BPが生まれた日

0221 52月22日は、100年以上も前にイギリスでボーイスカウト運動を始めたロバート・ベーデン・パウエル卿(BP)が生まれた日。

どの子どもたちも、自分から楽しんでよい人格・健康な心身・優れた技能・愛ある奉仕の心を身につけていけるよう、工夫された独自の教育プログラムをつくった人です。
時間をかけて一人ひとりが自覚をもって社会に役立つ人となって、平和で仲間にあふれている社会を築いていってほしいと願い、青少年や指導者にたくさんの愛を注いできた人でもあります。
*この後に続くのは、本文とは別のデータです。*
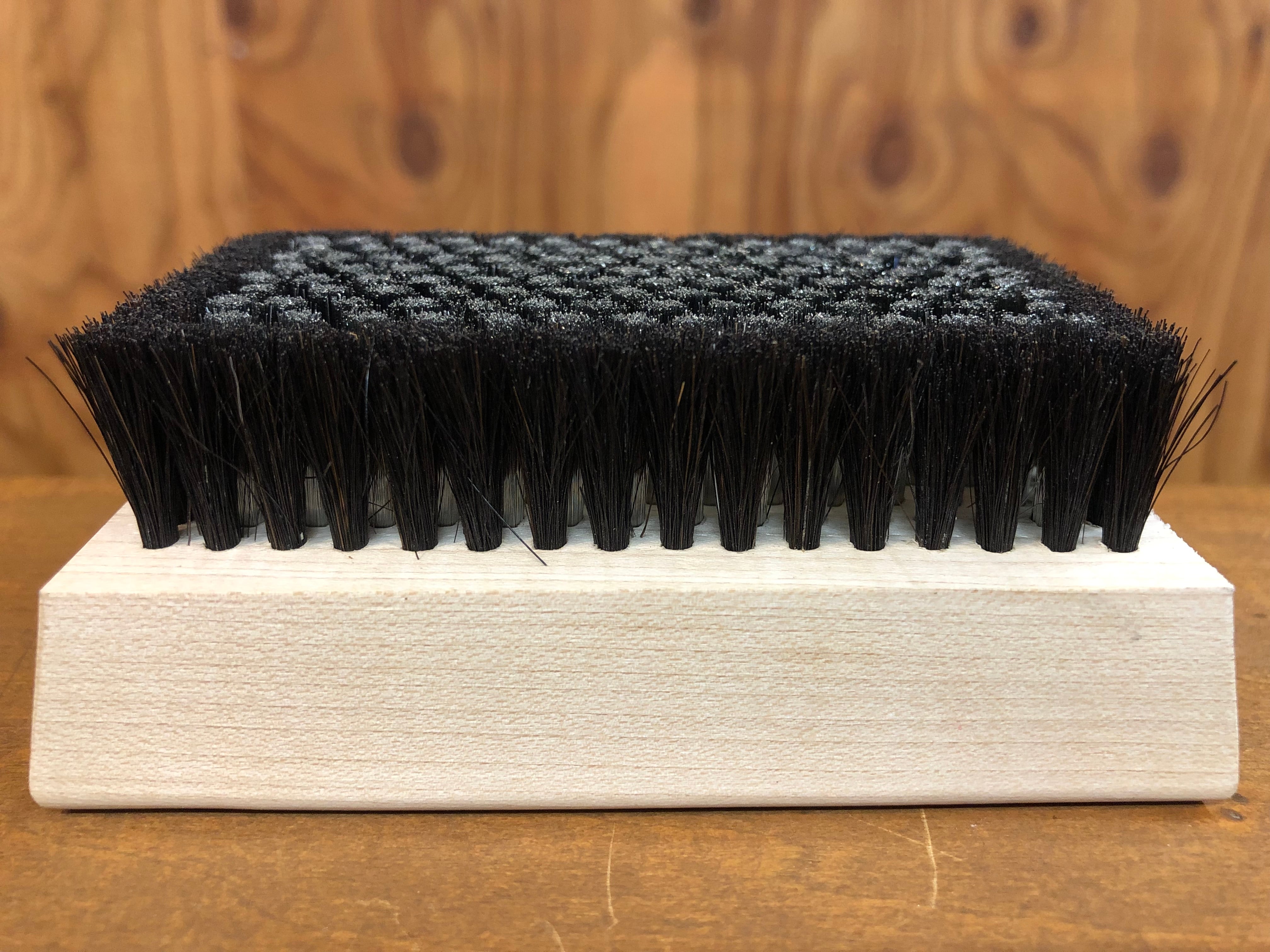 ミクロレベルの非常に細いステンレススティールとホースヘアーのコンビ。これ1個でワックスの荒削りから仕上げまで完璧にこなすことができます。ブラスに比べ耐久性が高く、より毛足が細いためにストラクチャー内のワックスもしっかりかき出すことができ、ソールを傷つけることもありません。
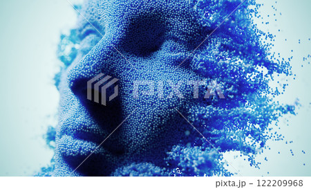 Ethereal Transformation: A Face of Shimmering Blue Particles
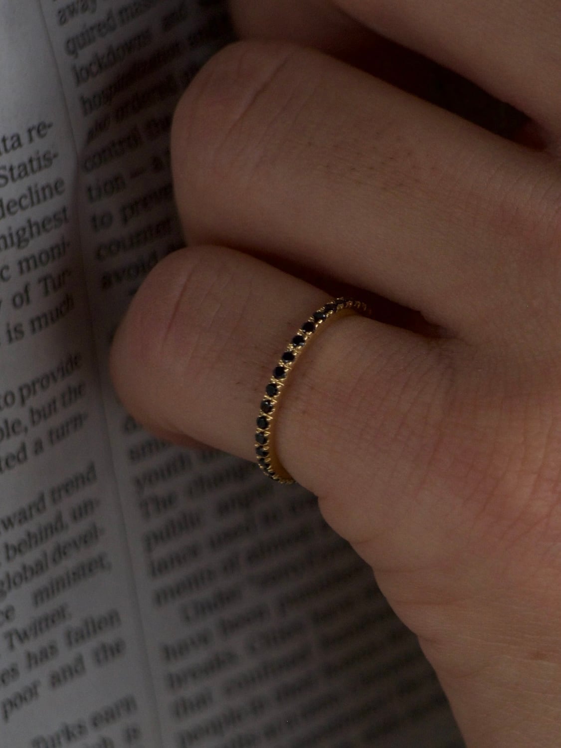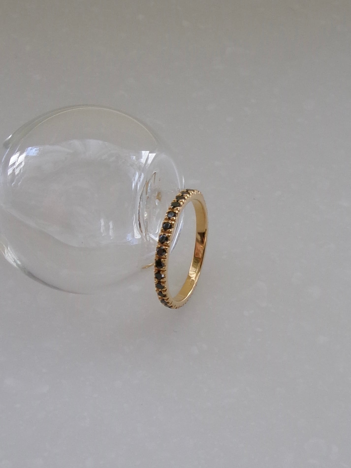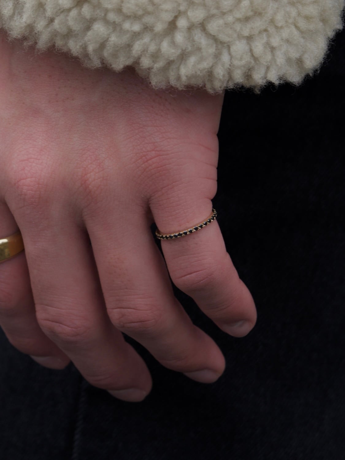 幅の細さにこだわったフルエタニティーリング。シンプルでありながらも、ジルコニアの輝きが手元で際立ち、普段のコーディネートのポイントに。
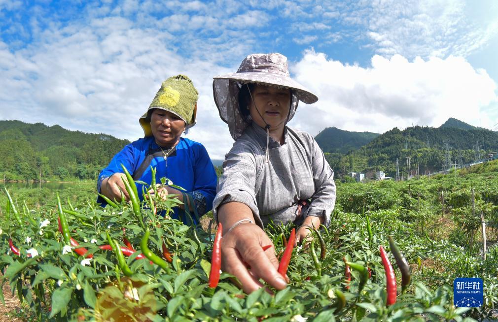 8月11日,在貴州省黔東南苗族侗族自治州從江縣下江鎮平江村辣椒種植基地,村民在采摘辣椒。
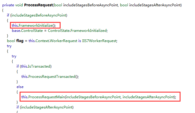 我们用反编译工具查看Page类的ProcessRequest方法可以看见先调用了FrameworkInitialize; FrameworkInitialize里面就是打造了页面控件树,然后调用了ProcessRequestMain,就开始了执行整个页面生命周期了(其实就是调用了一系列的事件方法)(可能部分图看不见右边,可在新标签页中打开图片)
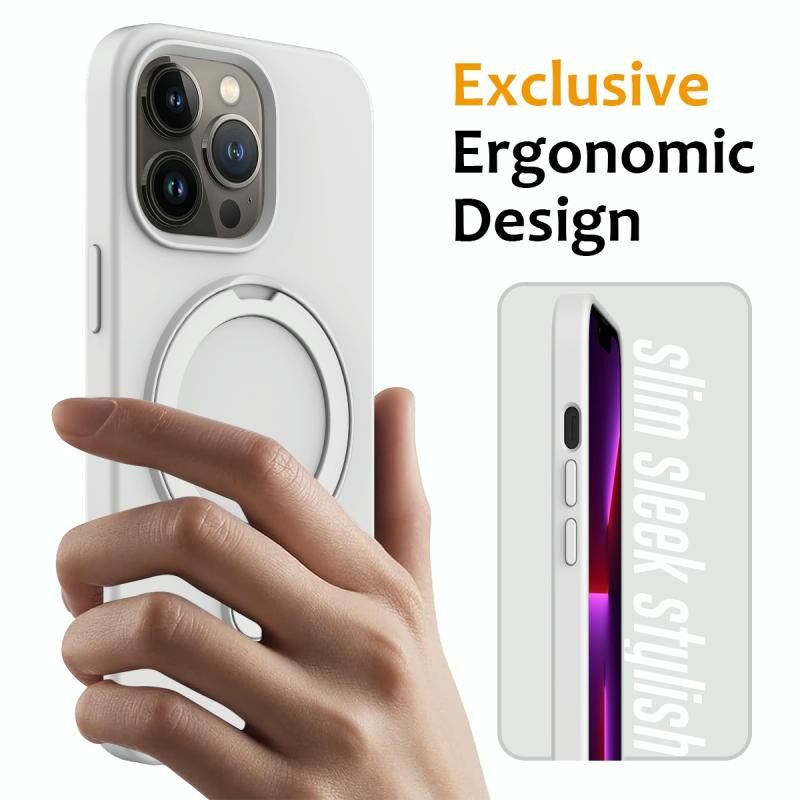 Θήκη τηλεφώνου με μαγνητική σύνδεση MagSafe από υγρή σιλικόνη για iPhone 13 Pro με δακτύλιο στήριξης (Λευκό)
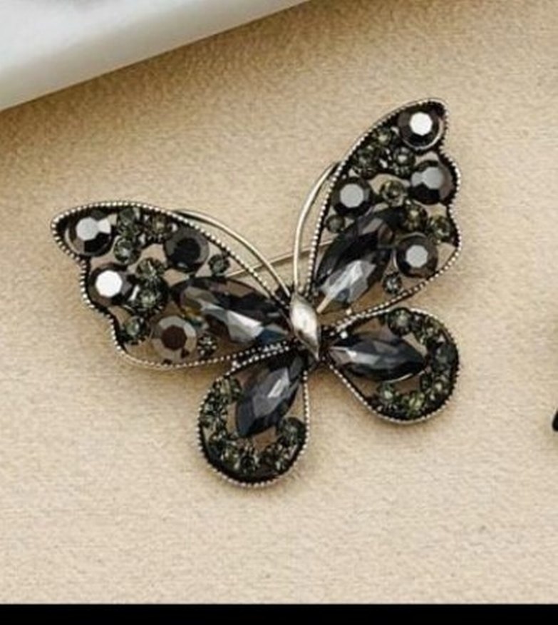 Çok şık, payetli ve nakışlı detaylara sahip koyu gri kelebek broş, vintage goth tarzında.
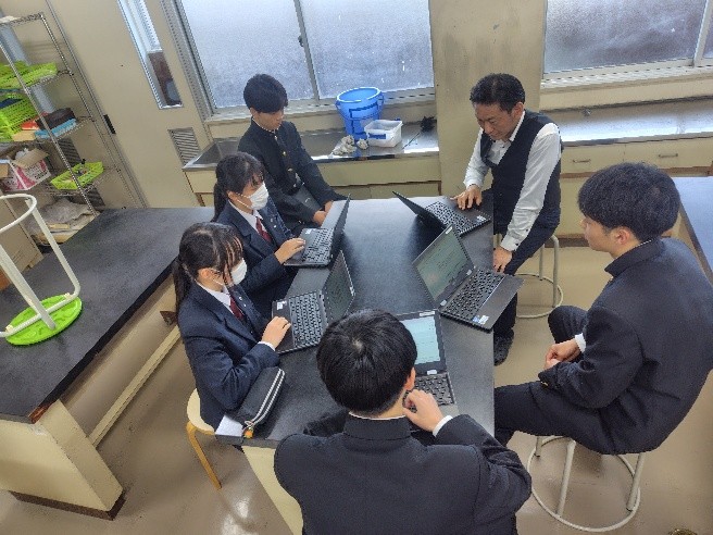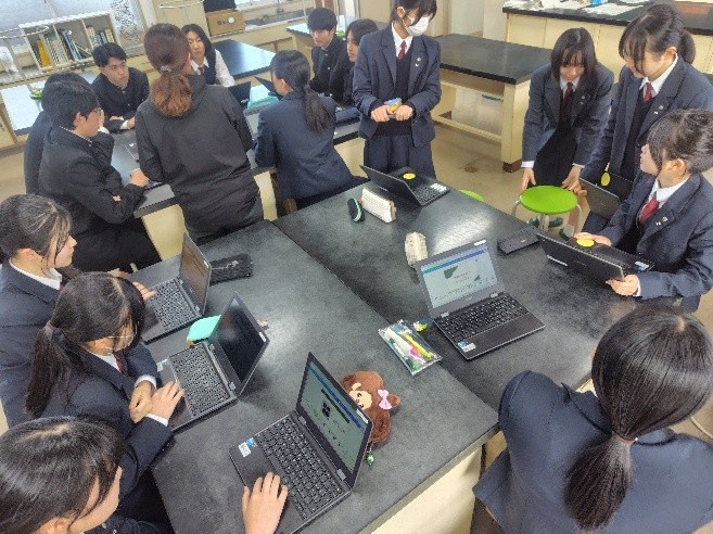 また、1年ARⅠ(理数科)の代表班は生物教室に集まり、モニターを使って発表練習に取り組んでいました。時折、担当の先生からのアドバイスを受けて改善を進めているようでした。
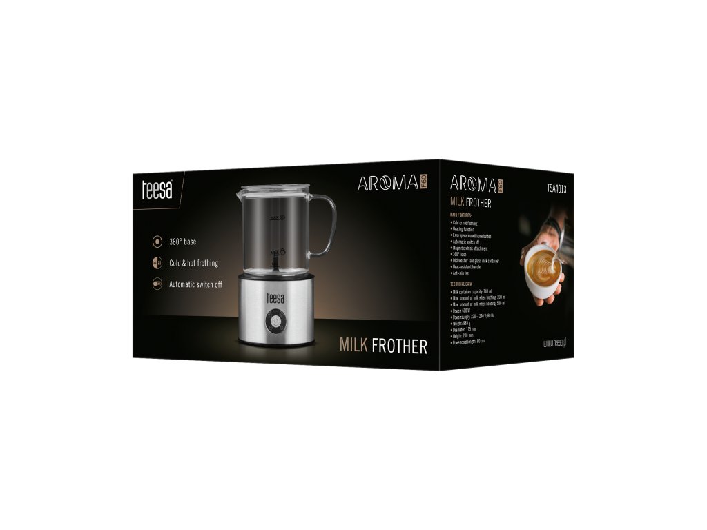 Nincs is jobb napindító, mint egy aromás kávé lágy, krémes habbal — különösen, ha elkészítése csak egy pillanat műve. A Teesa AROMA F60 tejhabosító modern indukciós rendszerének köszönhetően azonnal bársonyos habot készít kávéhoz, kapucsínóhoz, lattéhoz vagy forró csokoládéhoz.
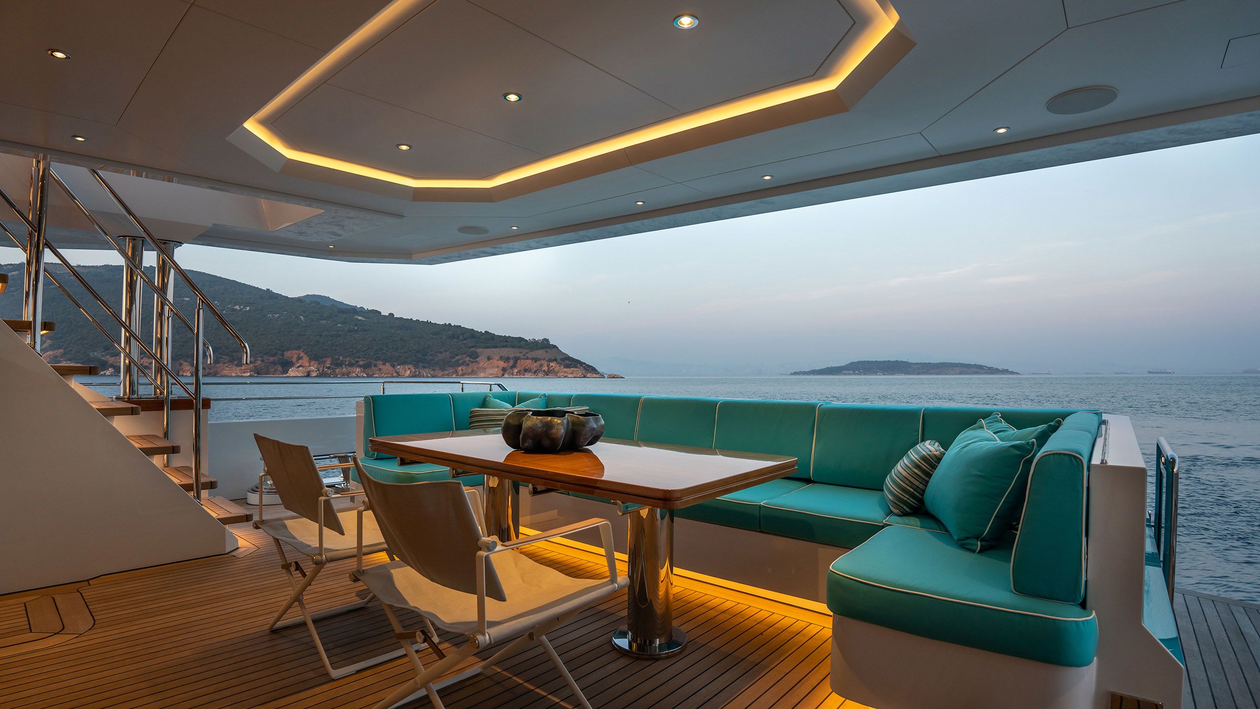 The flybridge boasts 360-degree views
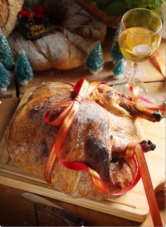 國王烘焙還有其招牌商品。徐師傅創意發想「國王烤全雞麵包」,使用法國麵糰包覆整隻雞,讓雞汁滲透到麵包體上,外酥內軟的法國麵包加上鮮嫩可口的雞肉,香味四溢,唇齒留香。
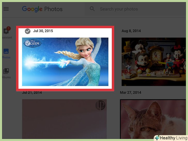 Наведіть курсор мишки на фотографію.у лівому верхньому куті знімка з'явиться гурток вибору фотографії.
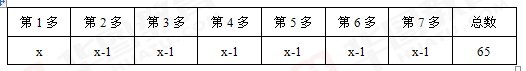 依据上表可列出方程,x+6×(x-1)=65,解得x=10.1。最少为10.1人,取整为11人。因此,本题的正确答案为B选项。
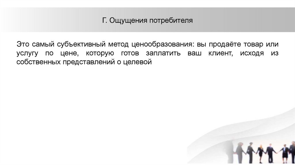Г. Ощущения потребителяЭто самый субъективный метод ценообразования: вы продаёте товар или
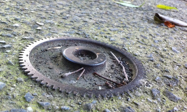今日眺めた「理系の散歩道」は新横浜駅近くにある「新田緑道」です。暑い日差しを心地良く緑(みどり)が遮(さえぎ)る小道には、懐かしくも力強い機械や部品が詰まっていました。足下にギアやチェーン形状が埋め込まれているかと思えば(右写真に見える”ギア”は道路に埋め込まれた”ギア”なのです)、ふと座り込んだベンチもチェーンの形をしていたりします。そして、道の端を彩るのはプーリーやネジで、ところどころにボール盤やバープレスなどが置かれていたのです。
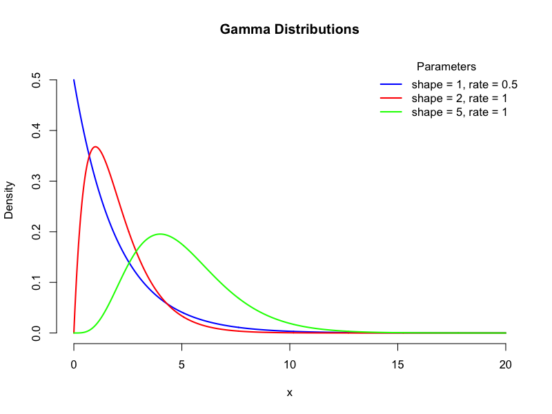 $$f(x;k,\lambda) = \frac{\lambda^k}{\Gamma(k)}x^{k-1}e^{-\lambda x}$$
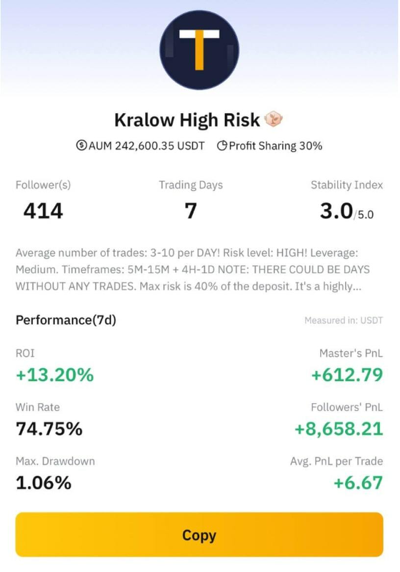 Thomas Kralow or his company is not an investment, financial, tax, or legal advisor or a broker-dealer and does not purport to provide personalized investment, financial, tax, or legal advice in any form. The Company does not recommend the purchase of particular securities, nor does the Company promise or guarantee any particular investment results. You understand and acknowledge that there is a very high degree of risk involved in trading securities and, in particular, in trading futures, options, spot and crypto in general. You acknowledge and agree that you, and not the Company or Thomas Kralow personally, are solely responsible for your own investment research and decisions. Do not trade with money that you cannot afford to lose. You understand that Thomas Kralow and all associated companies encourage you to investigate and fully understand any and all risks before investing or trading. The Company and Thomas Kralow assume no responsibility or liability for your trading and investment results, and you agree to hold the Company and Thomas Kralow harmless for any such results or losses. You acknowledge and agree that by copying the trades of Thomas Kralow on Bybit, including following the signals provided by his team of traders, you are doing so at your own risk, and neither Thomas Kralow, nor his company, nor Bybit, is or will be responsible for your actions, your trading or investing performance, or monetary results.

たくさん遊ぶこと、友達と一緒に過ごすこと、初めて出会うことにも勇気を持ってチャレンジすること、行動してみること。どんなことも体験したことは身体がおぼえていて、少しずつ自信となり、周りの人たちの中でこそ見つけられる自分らしさも、誇りにつながっていきます。
どれもこれも、ゆっくりゆっくり心と身体を育てていくことばかり。

19年間のボーイスカウト活動で得られるものは、終わりが近づいた20歳を過ぎたころようやく見えてきます。
年齢や性別や性格の違いを問わず、長く一緒に過ごした多くの友人たち。
学校や職場や社会の中で誰かの役に立てる力や技術を備えていること。
リーダーシップをとるだけでなく、うまく進めていける工夫や知恵を持っていること。
人生でのあらゆる選択をするとき、指針を持っていること。
早く早く、もっとよいものへと次々に急がされる現代にはちょっと異質な取り組みかもしれないけれど、とても残酷で悲しい事件を起こしてしまう青少年の報道を耳にするたびに、地域の中でたくさんの人たちに見守られながらのびのびと過ごす時間を贈ることができていたらと考えてしまいます。0221 2

特別な人のための活動ではないボーイスカウトは、子どもたちだけではなく大人にももちろん開かれています。
小学校に入学する前の1月から14団での活動を始めることができます。ただし14団は男子スカウトだけなのですが…
興味をおもちになったら、ぜひお気軽にお問い合わせください。

2016/02/22 | カテゴリー : コラム | 投稿者 : AH

★14団の活動体験にどうぞ★

今週月曜日の「YOUは何しに日本へ」に、第23回世界ジャンボリーに3万人もやって来た外国スカウト達が取り上げられていましたね。ごらんになりましたか?
中高生世代のスカウト達が、会うことで得られるたくさんの経験とそれを通して感じる、考えることが世界規模でできる、大きな国際大会の様子と、ボーイスカウトの共通の願いもわかりやすく伝えていただいていました。

ボーイスカウトの大きな目標は平和な世界にすることと、そのために力を尽くせる人になること。
短期間にちょっと頑張ったくらいでは身につかないスケールの大きさなのだけど、自分と自分の身の回りが幸せで楽しい気持ちで過ごせることがはじめの一歩。少しずつ輪を広げていくことも大きな一歩。
こういうことって、机の前に座って考えて理解することじゃなくて、必要なのは体験、体験、とにかく体験を重ねていくこと。
活動としていろんなことをして遊ぶのには、こんな意味も込められています。

「どこかに行く」とか「何かを作る」よりも大切にしているのは、その時一緒にいる友達の様子を見たり自分の気持ちを考えたり、その場にふさわしい行動を意識すること。
うまくできなくても、また次にがんばれるチャンスがこの先いくらでもあるのがいいところ。
だから、ビーバーで十分とか、カブまでやればいいわ…ではなく、息長く、ゆっくりと心のチカラを育みあっていきたいなと思います。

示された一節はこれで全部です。